Page:Field Book of Stars.djvu/141

From Wikisource
Jump to navigation Jump to search
This page has been validated.
The Planets
119

Although Jupiter appears to move slowly, it really travels at the incomprehensible rate of five hundred miles a minute.

The most interesting feature about Jupiter is its four moons, which are visible with good binoculars. They appear like mere dots of light, and their transit of or occultation with the planet (that is, their disappearance before or behind its disk) can be watched, and is a never failing source of pleasure.
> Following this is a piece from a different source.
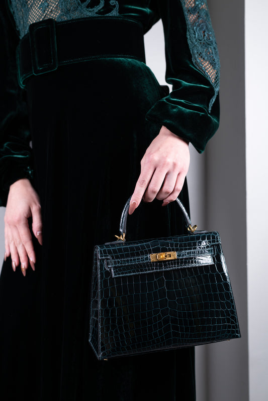 فستان هيرميس كيلي 25 لامع من جلد التمساح الأخضر مع قماش مخملي أخضر داكن من كوستاريلوس

A telescope alone reveals Jupiter's fifth moon.

SATURN.

Saturn is farther removed from the earth than any of the planets in the solar system, visible to the naked eye. It is distinguished from the fixed stars by the steadiness of its light, which is dull and of a yellow hue, though to some it appears to be of a greenish tinge. It seems barely to move, so slow is its motion among the stars, for it takes two and one half years to pass through a single constellation of the Zodiac.

Saturn has eight moons. Titan, its largest one, can be seen with a good glass under favorable circumstances. As for its celebrated rings, a telescope alone reveals them.

URANUS.

The student will hardly mistake Uranus for a fixed star, as it is only under the most favorable circumstances that it can be seen with the naked eye.